Get hands-on experience with 20+ free Google Cloud products and $300 in free credit for new customers.

Split table to smaller tables base on column values

Hi, I have a table with many columns: A, B, C,...

How can I split my table to smaller tables which have same value of A.

I don't want to loop over the table to export smaller tables base on each A values, because it will increase the cost.

 

Thank you.

 

0 2 969
2 REPLIES 2

Here's how you can split a large table in BigQuery into smaller tables based on the values of column A, along with explanations and considerations to optimize this process.

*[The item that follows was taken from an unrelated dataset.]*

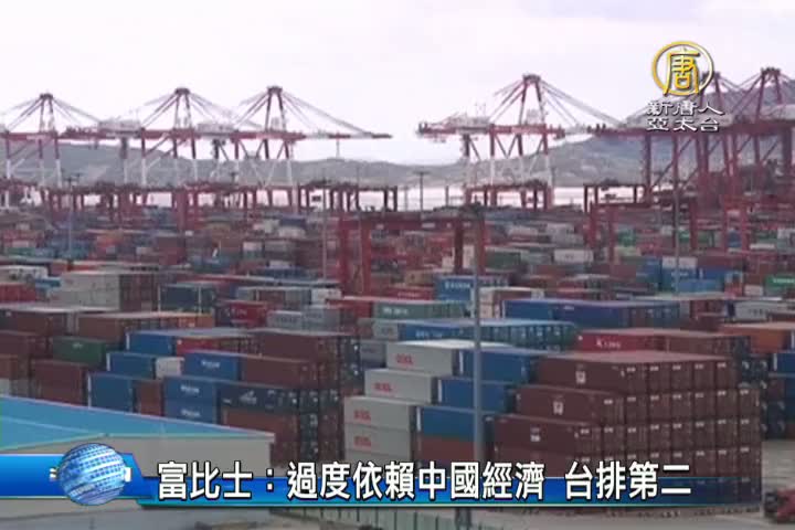【新唐人亞太台 2015 年 11 月 30 日訊】中國經濟成長趨緩,過度依賴中國的國家都跟著受拖累,美國《富比士》雜誌列出太依賴中國經濟的排名,台灣位於第二。內容寫到,中國佔台灣出口比重高達26%,台灣整體GDP也有16%是依賴中國。 第一名則是澳洲,因為澳洲大量出口鐵礦砂給中國,中國佔澳洲的整體出口比重高達34%。另外,第三名則是南韓, 中國佔南韓出口約達25%,佔GDP約11%。目前在澳洲與南韓國內,都陸續傳出檢討過度依賴中國經濟的聲音。

There are a couple of efficient ways to do this in BigQuery without the need for explicit looping:

1. Direct Creation with Queries

This is the most straightforward approach if you know the distinct values of column A in advance:

 
-- Create 'table_A_value1' based on the value 'value1' in column A
CREATE OR REPLACE TABLE `project_id.dataset_id.table_A_value1`
AS 
SELECT *
FROM `project_id.dataset_id.original_table`
WHERE A = 'value1';

-- Create 'table_A_value2'
CREATE OR REPLACE TABLE `project_id.dataset_id.table_A_value2`
AS 
SELECT *
FROM `project_id.dataset_id.original_table`
WHERE A = 'value2';

-- ... and so on 
  • Replace project_id, dataset_id, original_table, and the values ('value1', 'value2', etc.) with your actual project, dataset, table, and values from column A.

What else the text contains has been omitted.